Saved entries:

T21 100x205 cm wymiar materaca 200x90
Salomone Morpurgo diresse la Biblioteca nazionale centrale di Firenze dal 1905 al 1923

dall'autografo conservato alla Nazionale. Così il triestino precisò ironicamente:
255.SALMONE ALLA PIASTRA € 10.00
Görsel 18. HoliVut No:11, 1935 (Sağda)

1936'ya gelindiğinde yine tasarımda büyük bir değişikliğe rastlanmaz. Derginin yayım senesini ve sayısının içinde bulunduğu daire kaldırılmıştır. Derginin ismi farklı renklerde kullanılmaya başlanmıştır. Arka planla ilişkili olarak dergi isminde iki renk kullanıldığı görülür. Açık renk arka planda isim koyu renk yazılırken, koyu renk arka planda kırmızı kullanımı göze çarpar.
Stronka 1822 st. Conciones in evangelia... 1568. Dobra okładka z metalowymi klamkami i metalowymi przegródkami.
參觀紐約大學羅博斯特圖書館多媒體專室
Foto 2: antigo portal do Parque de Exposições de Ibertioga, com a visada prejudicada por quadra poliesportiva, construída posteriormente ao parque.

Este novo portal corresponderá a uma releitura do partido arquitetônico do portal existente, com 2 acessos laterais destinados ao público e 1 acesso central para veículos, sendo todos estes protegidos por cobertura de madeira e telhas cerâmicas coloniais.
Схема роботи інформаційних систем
* * *
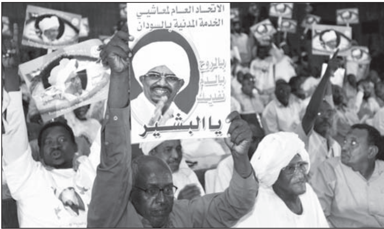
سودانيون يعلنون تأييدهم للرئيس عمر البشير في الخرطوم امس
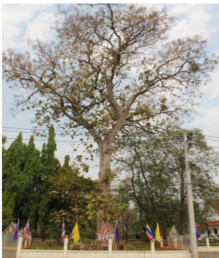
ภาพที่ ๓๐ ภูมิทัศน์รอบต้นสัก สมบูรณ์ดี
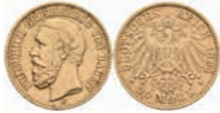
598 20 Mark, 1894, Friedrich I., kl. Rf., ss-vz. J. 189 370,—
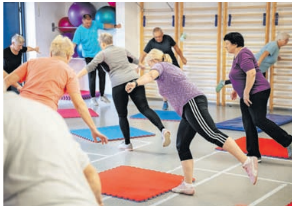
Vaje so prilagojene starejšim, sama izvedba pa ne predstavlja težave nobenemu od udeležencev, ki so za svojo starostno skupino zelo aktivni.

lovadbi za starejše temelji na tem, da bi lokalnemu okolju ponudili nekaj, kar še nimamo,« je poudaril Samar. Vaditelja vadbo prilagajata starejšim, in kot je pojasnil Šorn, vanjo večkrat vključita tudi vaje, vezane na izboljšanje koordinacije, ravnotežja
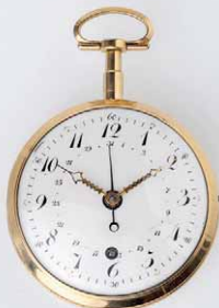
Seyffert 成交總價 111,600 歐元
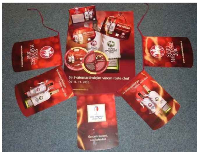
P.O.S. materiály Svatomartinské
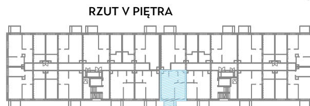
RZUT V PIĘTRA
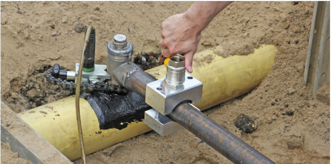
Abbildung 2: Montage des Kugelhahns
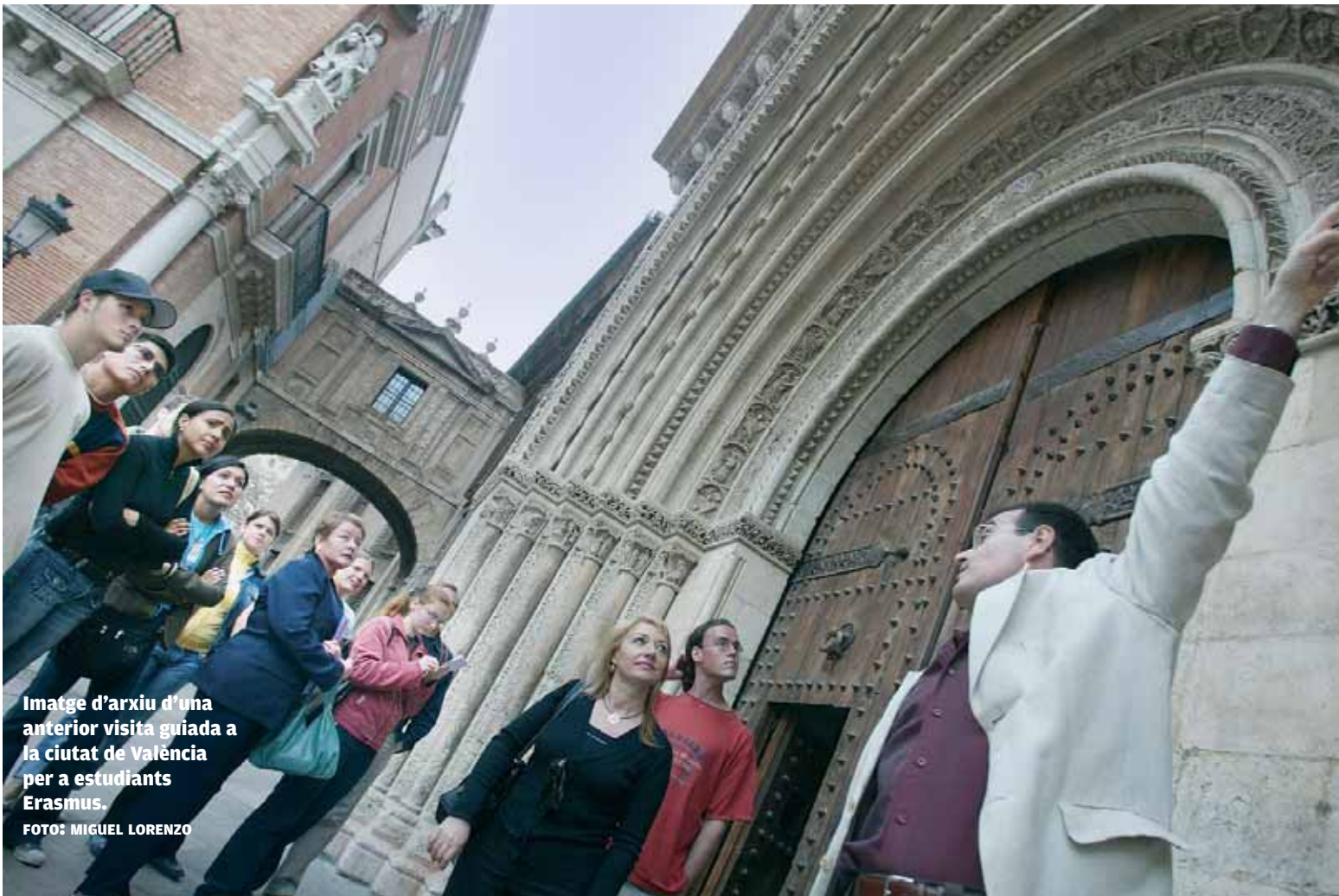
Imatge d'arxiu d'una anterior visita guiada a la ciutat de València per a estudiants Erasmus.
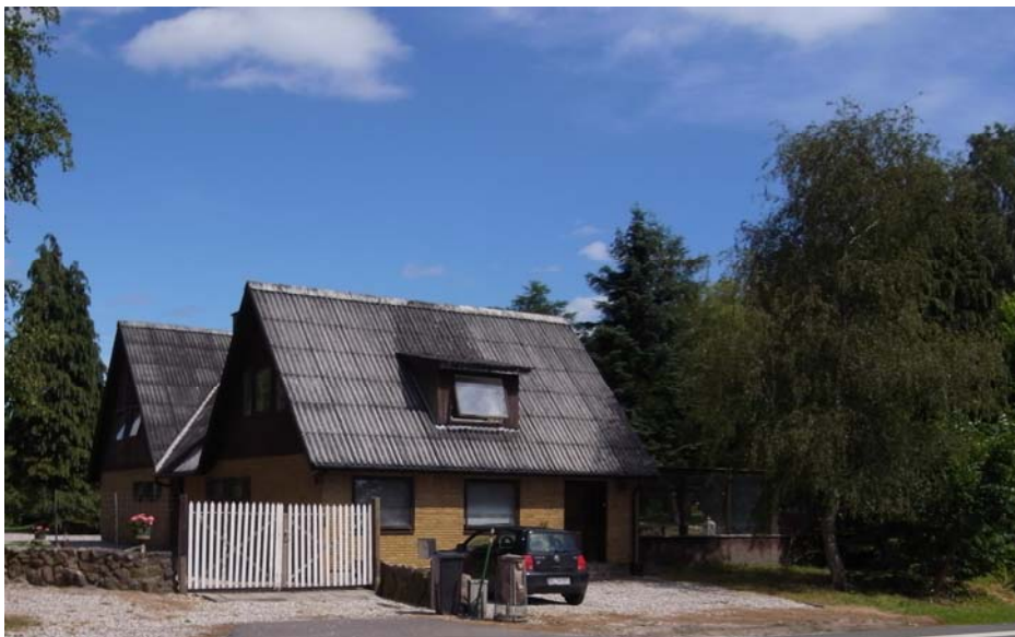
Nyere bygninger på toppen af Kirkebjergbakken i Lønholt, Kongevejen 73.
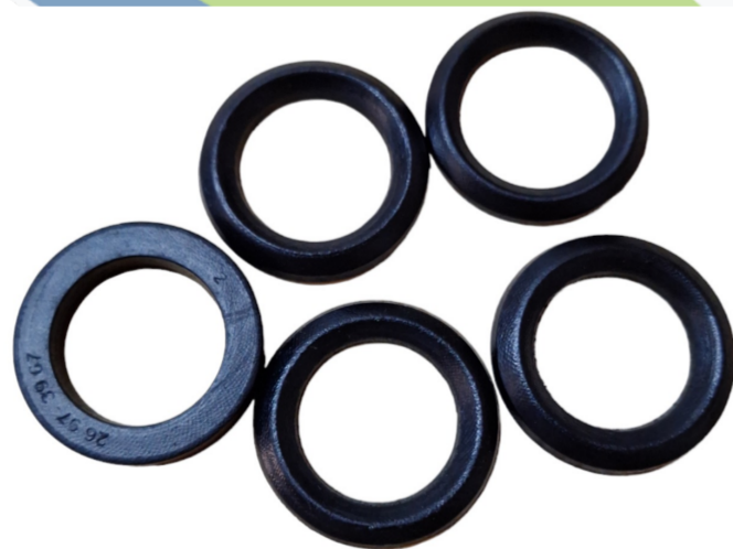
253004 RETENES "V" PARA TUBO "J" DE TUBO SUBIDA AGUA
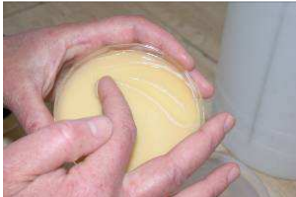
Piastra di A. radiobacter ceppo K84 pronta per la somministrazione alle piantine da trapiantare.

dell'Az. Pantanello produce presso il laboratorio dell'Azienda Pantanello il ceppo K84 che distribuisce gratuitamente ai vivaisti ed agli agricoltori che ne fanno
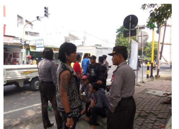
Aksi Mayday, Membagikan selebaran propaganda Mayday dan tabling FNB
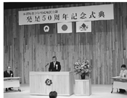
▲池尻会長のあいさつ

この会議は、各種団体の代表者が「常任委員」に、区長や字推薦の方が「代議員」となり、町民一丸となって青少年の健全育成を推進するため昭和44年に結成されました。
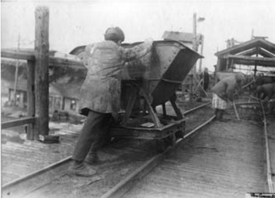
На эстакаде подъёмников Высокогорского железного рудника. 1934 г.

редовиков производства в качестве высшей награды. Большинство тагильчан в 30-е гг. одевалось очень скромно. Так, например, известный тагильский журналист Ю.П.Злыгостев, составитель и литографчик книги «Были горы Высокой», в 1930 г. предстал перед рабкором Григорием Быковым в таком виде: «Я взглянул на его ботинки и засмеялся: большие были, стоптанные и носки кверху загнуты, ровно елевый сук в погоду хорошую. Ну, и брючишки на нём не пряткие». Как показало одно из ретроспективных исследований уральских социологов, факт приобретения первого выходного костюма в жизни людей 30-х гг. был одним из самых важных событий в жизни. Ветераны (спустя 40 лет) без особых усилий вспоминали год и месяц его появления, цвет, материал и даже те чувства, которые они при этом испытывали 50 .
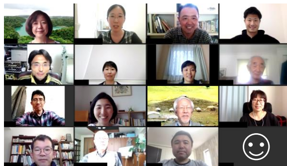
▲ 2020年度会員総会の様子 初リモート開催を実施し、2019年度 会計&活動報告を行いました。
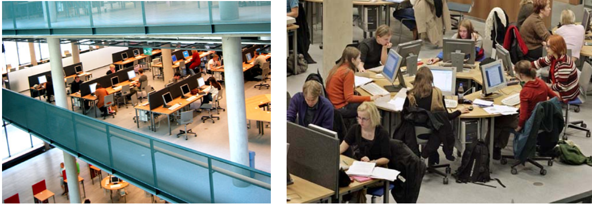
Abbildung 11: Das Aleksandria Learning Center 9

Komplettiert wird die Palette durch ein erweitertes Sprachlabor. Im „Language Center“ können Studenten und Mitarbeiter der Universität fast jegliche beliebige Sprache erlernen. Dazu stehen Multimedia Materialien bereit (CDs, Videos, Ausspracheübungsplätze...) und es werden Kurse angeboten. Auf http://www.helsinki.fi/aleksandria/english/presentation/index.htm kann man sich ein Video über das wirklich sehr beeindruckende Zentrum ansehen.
* * *
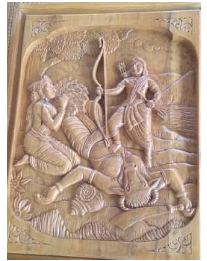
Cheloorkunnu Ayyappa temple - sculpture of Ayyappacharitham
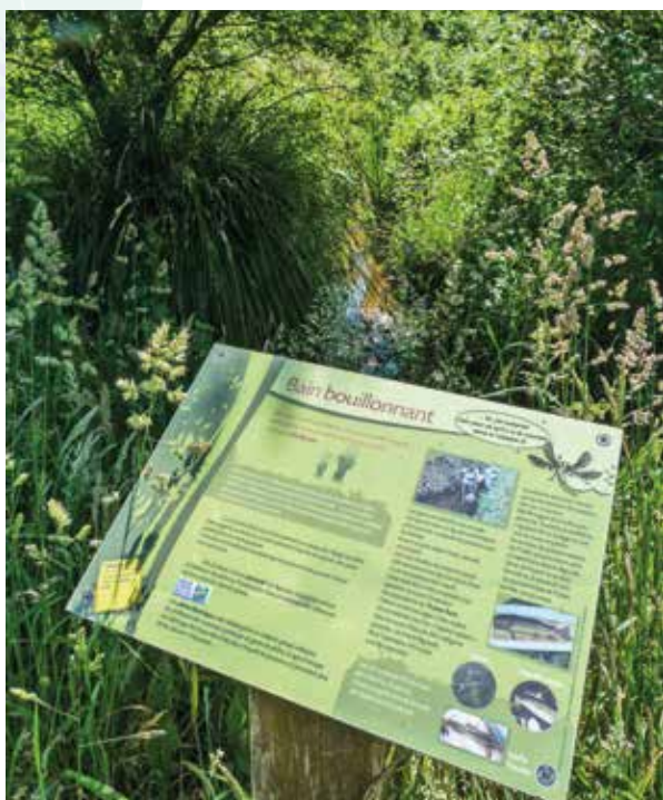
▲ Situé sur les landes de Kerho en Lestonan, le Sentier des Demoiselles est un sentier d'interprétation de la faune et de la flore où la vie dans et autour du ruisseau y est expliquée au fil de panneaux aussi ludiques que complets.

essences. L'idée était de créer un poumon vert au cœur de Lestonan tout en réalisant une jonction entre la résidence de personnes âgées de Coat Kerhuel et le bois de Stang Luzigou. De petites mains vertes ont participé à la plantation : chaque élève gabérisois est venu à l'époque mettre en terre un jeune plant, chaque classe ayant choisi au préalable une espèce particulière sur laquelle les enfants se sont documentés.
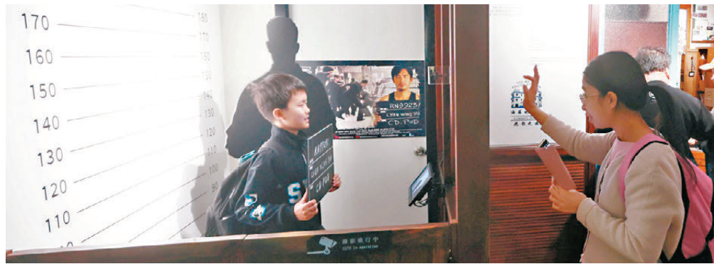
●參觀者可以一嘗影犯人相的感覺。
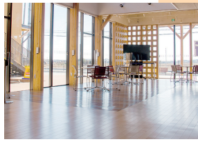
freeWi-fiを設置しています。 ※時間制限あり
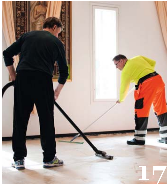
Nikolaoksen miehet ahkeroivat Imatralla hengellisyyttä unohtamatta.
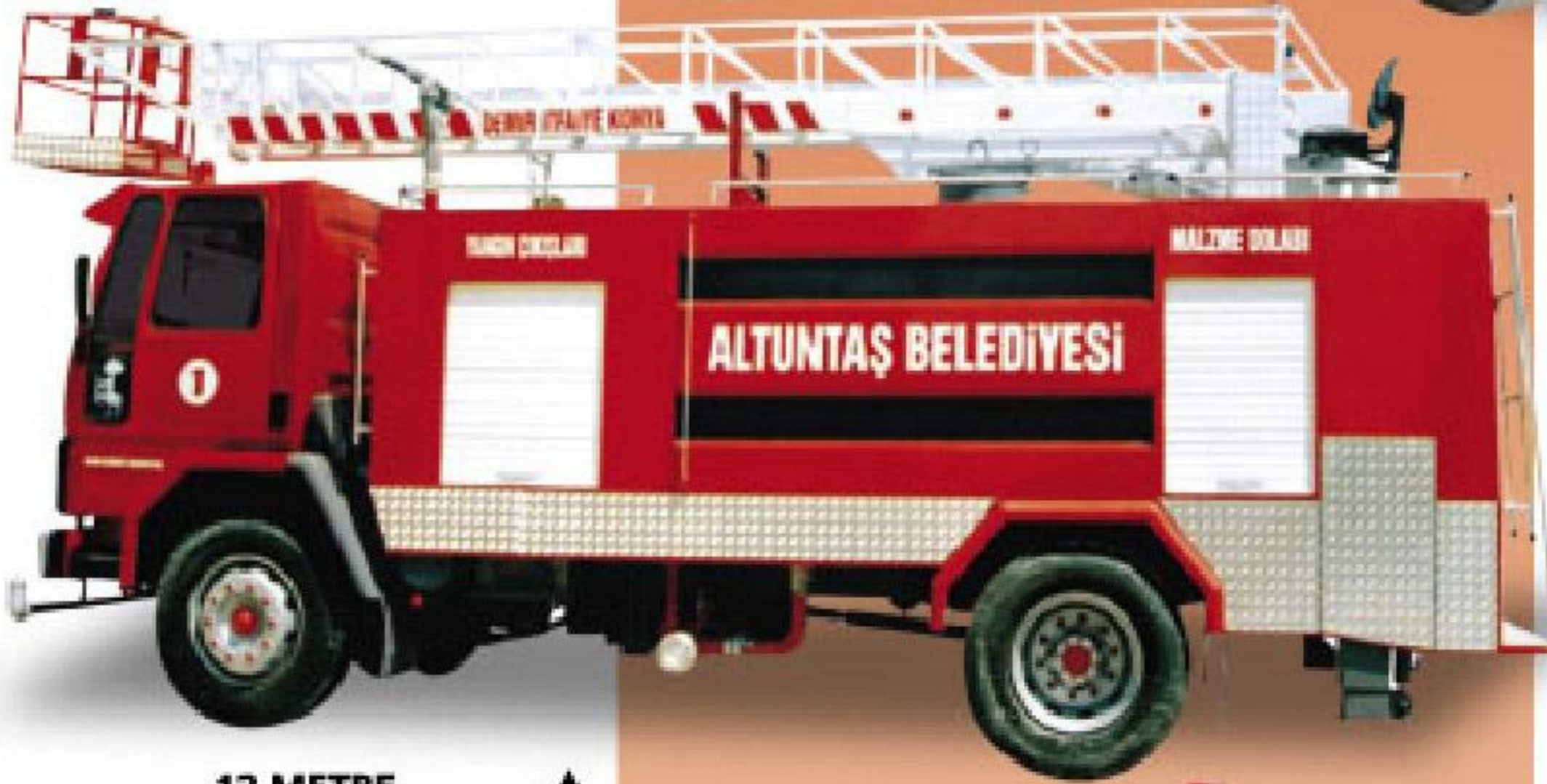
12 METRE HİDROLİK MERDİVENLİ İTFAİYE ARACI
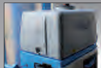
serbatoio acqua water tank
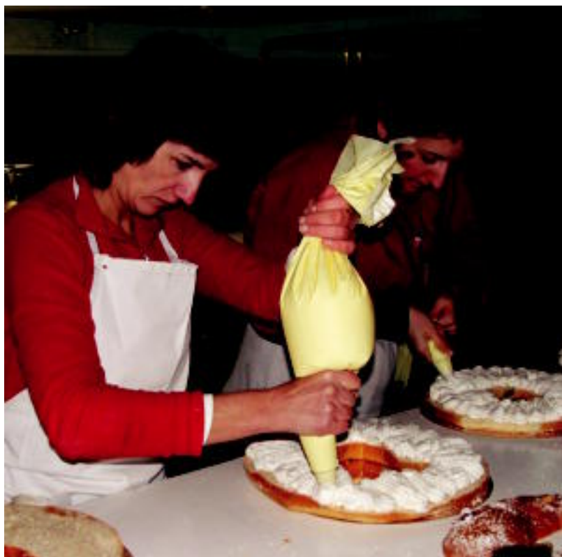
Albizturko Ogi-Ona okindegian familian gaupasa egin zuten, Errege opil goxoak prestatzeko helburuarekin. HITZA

▸ GOAL OF THE EXERCISE:
Retype the lines above exactly as they appear, from the line containing "Vaje so prilagojene" through the line containing "Abbildung 2: Montage des Kugelhahns", and leave out any pictures.

▸ ANSWER TO THIS PROBLEM:
Vaje so prilagojene starejšim, sama izvedba pa ne predstavlja težave nobenemu od udeležencev, ki so za svojo starostno skupino zelo aktivni.

lovadbi za starejše temelji na tem, da bi lokalnemu okolju ponudili nekaj, kar še nimamo,« je poudaril Samar. Vaditelja vadbo prilagajata starejšim, in kot je pojasnil Šorn, vanjo večkrat vključita tudi vaje, vezane na izboljšanje koordinacije, ravnotežja
Seyffert 成交總價 111,600 歐元
P.O.S. materiály Svatomartinské
RZUT V PIĘTRA
Abbildung 2: Montage des Kugelhahns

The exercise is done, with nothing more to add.